Third Dog Out

Bringing a baby home requires a number of adjustments. For one, you give up all hope of a solid night’s sleep. You also stop doing the dishes, making food and grooming yourself. More or less. This happens in part because the baby needs to be fed every three hours and have her diaper changed at a rate of about 1.35 changes to every feeding. But it also happens because said child is totally freaking cute and it’s really quite hard to leave her for hours at a time to, say, do the laundry, cook a solid meal and/or clean the bathroom.

Exhibit A:

nico sleeping

We’re thankfully getting a handle on those everyday tasks, though, and I predict that within a week we’ll be more or less normal human beings again. If parents are ever really normal.

The individual who has not yet shown any signs of adjusting is the dog, poor ol’ Finn.

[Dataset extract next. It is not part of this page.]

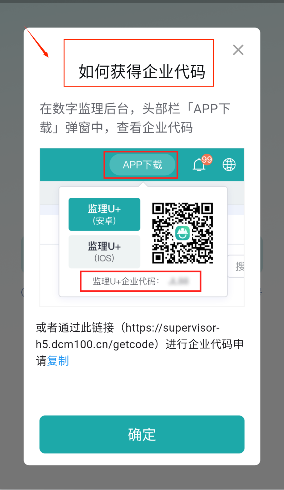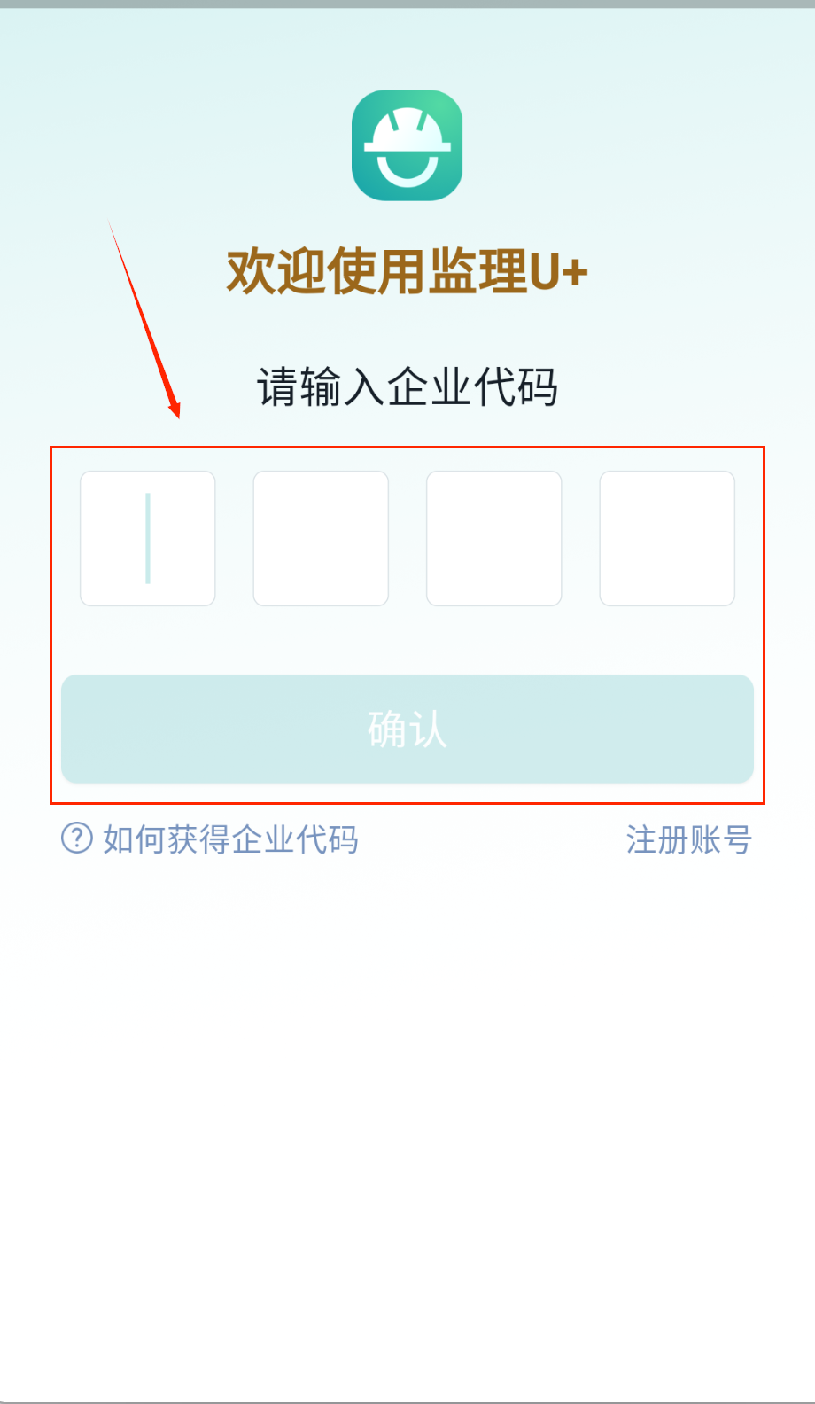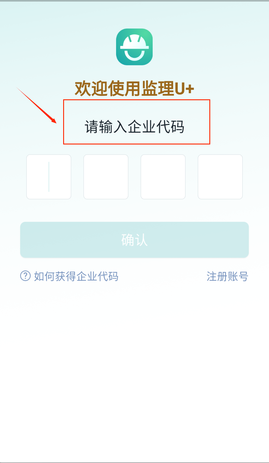 1、打开软件后首先会看到欢迎界面,在请输入企业代码的四个方框里输入正确的企业代码,这个代码可以从数字监理后台的下载弹窗中找到哦。

In Spanish there is an expression “hacer caso,” which literally means “make a case/fact” but is generally translated as “to pay attention to.” So, a couple days ago, Marta noted that Finn had taken to plopping himself down wherever anyone was “haciendo caso” (paying attention) to someone. Usually this was around Nico, be it her bassinet, her changing table or her tiny little body in somebody’s arms.

There we would be, huddled around Nico, and Finn would wander over and curl up on the floor near us, as if he could mooch a little caso off of Nico. Sadly for him, it hasn’t worked all that well. I try when I can to toss him his squeaky duck or have a quick pet fest, but I am so completely, disarmingly enrapt in Nico right now that, without meaning to, I find myself forgetting about him more often than I’d like.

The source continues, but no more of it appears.